**PROBLEM TO SOLVE:**
Produce a verbatim copy of the following records, leaving out all pictures.

**DATA FOR REVIEW:**
◆ ◆ ◆ ◆ ◆ ◆ ◆

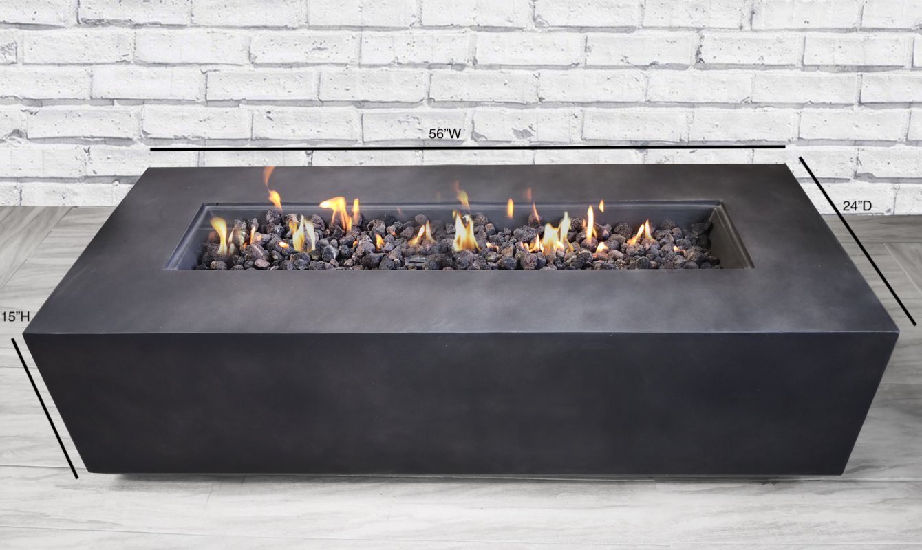 FeaturesProduct TypeFire pit tableExterior MaterialConcreteBurning Area MaterialStainless SteelPowder Coated FinishYesFuel TypePropane; Natural gasGas Conversion FeatureYesGas Conversion Kit IncludedNoBurn Time of Fuel Accommodated8 hoursAdjustable FlameYesIgnition TypePush-buttonBTU Output50000 BTUCompatible Filler TypeLava Rocks; Glass Fire BeadsFiller IncludedYesFoldableNoPortableNoCover IncludedYesSpark Screen IncludedNoLog Grate IncludedNoLocationOutdoor Use OnlyBatteries RequiredYesOverall ShapeRectangleSupplier Intended and Approved UseResidential Use; Non Residential UseProduct Size (15" H x 56" W x 24" D Size)MediumImportedYesBattery or Batteries IncludedYesCompatible Fuel Size20 lb.DurabilityRust ResistantProduct CareWipe clean with a dry clothPropane Tank LocationExternalWhat is an "integrated" vs. "external" propane tank?An external propane tank does not fit within the base of the fire pit table and is instead kept outside of the unit. An external propane tank can be left as is, or it can be hidden away with a propane tank cover, which often functions as an end table.Color (Charcoal Finish)CharcoalCover MaterialPolyesterSpecificationsSafety Listing(s)ETL Listed; UL ListedAssemblyAssembly RequiredNoInstallation RequiredYesWarrantyCommercial WarrantyYesCommercial Warranty Length1 YearProduct WarrantyYesWarranty Length1 YearFull or Limited WarrantyLimitedWarranty DetailsManufacturer Warranty
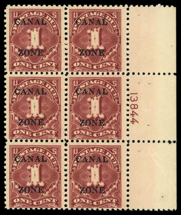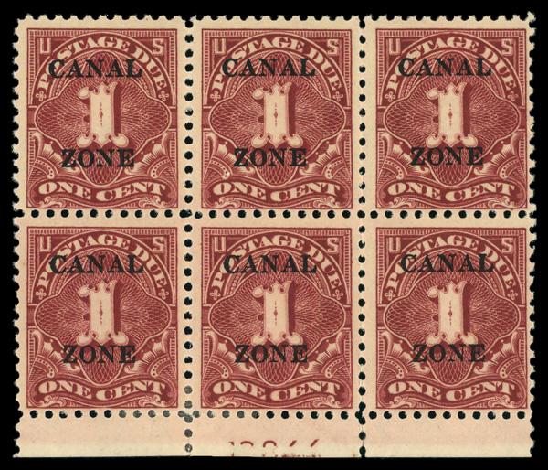 Postage Due, 1925, 1c carmine rose 'CANAL/ZONE' overprint (Scott J18), plate block of 6, disturbed o.g., Fine. Scott $90. (Image)
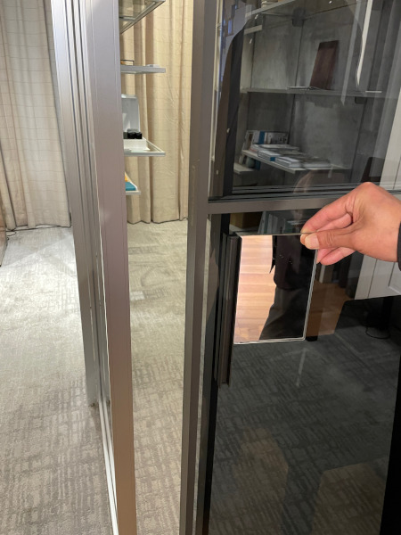 アルミフレームで上吊りのためとても軽いです。ガラスの種類やフレームカラーも豊富で、どのような空間にも合わせることができます。
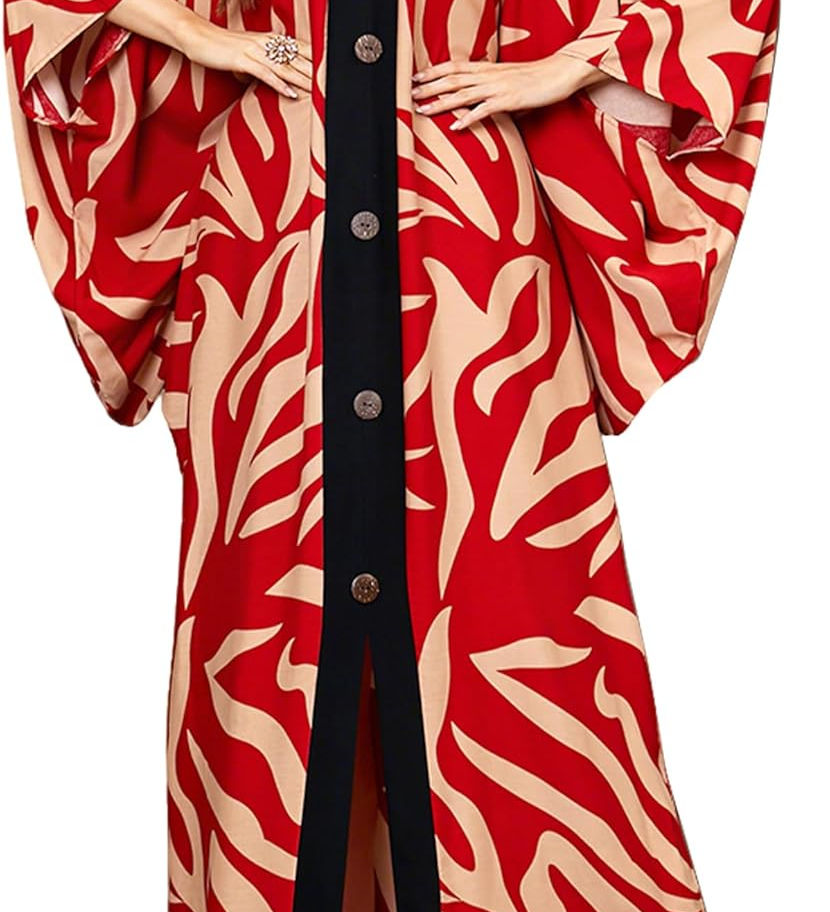 Diseño del vestido Caftan: vestido caftán con estampado vibrante para mujer, diseño bohemio y chic. Cintura relajada y aberturas laterales para mayor comodidad y elegancia, tela ligera cubre elegantemente, cobertura versátil: playa, piscina, cena ¡Confianza en cada ambiente!
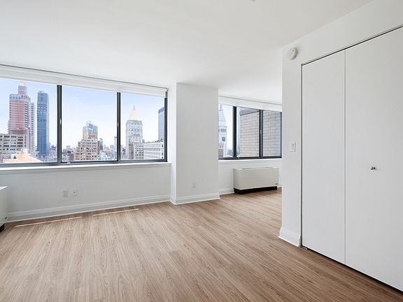Offering an array of studio, one-, and two-bedroom apartment homes with stainless steel appliances, granite countertops, wood flooring, and floor-to-ceiling windows with stunning views. This full-service building with a 24-hour concierge has a fully equipped fitness center, rooftop deck with spectacular panoramic views of the city skyline and Empire State Building, resident lounge with billiards room, and more.

◆ ◆ ◆ ◆ ◆ ◆ ◆

**RESULT FOR THIS TASK:**
 FeaturesProduct TypeFire pit tableExterior MaterialConcreteBurning Area MaterialStainless SteelPowder Coated FinishYesFuel TypePropane; Natural gasGas Conversion FeatureYesGas Conversion Kit IncludedNoBurn Time of Fuel Accommodated8 hoursAdjustable FlameYesIgnition TypePush-buttonBTU Output50000 BTUCompatible Filler TypeLava Rocks; Glass Fire BeadsFiller IncludedYesFoldableNoPortableNoCover IncludedYesSpark Screen IncludedNoLog Grate IncludedNoLocationOutdoor Use OnlyBatteries RequiredYesOverall ShapeRectangleSupplier Intended and Approved UseResidential Use; Non Residential UseProduct Size (15" H x 56" W x 24" D Size)MediumImportedYesBattery or Batteries IncludedYesCompatible Fuel Size20 lb.DurabilityRust ResistantProduct CareWipe clean with a dry clothPropane Tank LocationExternalWhat is an "integrated" vs. "external" propane tank?An external propane tank does not fit within the base of the fire pit table and is instead kept outside of the unit. An external propane tank can be left as is, or it can be hidden away with a propane tank cover, which often functions as an end table.Color (Charcoal Finish)CharcoalCover MaterialPolyesterSpecificationsSafety Listing(s)ETL Listed; UL ListedAssemblyAssembly RequiredNoInstallation RequiredYesWarrantyCommercial WarrantyYesCommercial Warranty Length1 YearProduct WarrantyYesWarranty Length1 YearFull or Limited WarrantyLimitedWarranty DetailsManufacturer Warranty
 Postage Due, 1925, 1c carmine rose 'CANAL/ZONE' overprint (Scott J18), plate block of 6, disturbed o.g., Fine. Scott $90. (Image)
 アルミフレームで上吊りのためとても軽いです。ガラスの種類やフレームカラーも豊富で、どのような空間にも合わせることができます。
 Diseño del vestido Caftan: vestido caftán con estampado vibrante para mujer, diseño bohemio y chic. Cintura relajada y aberturas laterales para mayor comodidad y elegancia, tela ligera cubre elegantemente, cobertura versátil: playa, piscina, cena ¡Confianza en cada ambiente!
Offering an array of studio, one-, and two-bedroom apartment homes with stainless steel appliances, granite countertops, wood flooring, and floor-to-ceiling windows with stunning views. This full-service building with a 24-hour concierge has a fully equipped fitness center, rooftop deck with spectacular panoramic views of the city skyline and Empire State Building, resident lounge with billiards room, and more.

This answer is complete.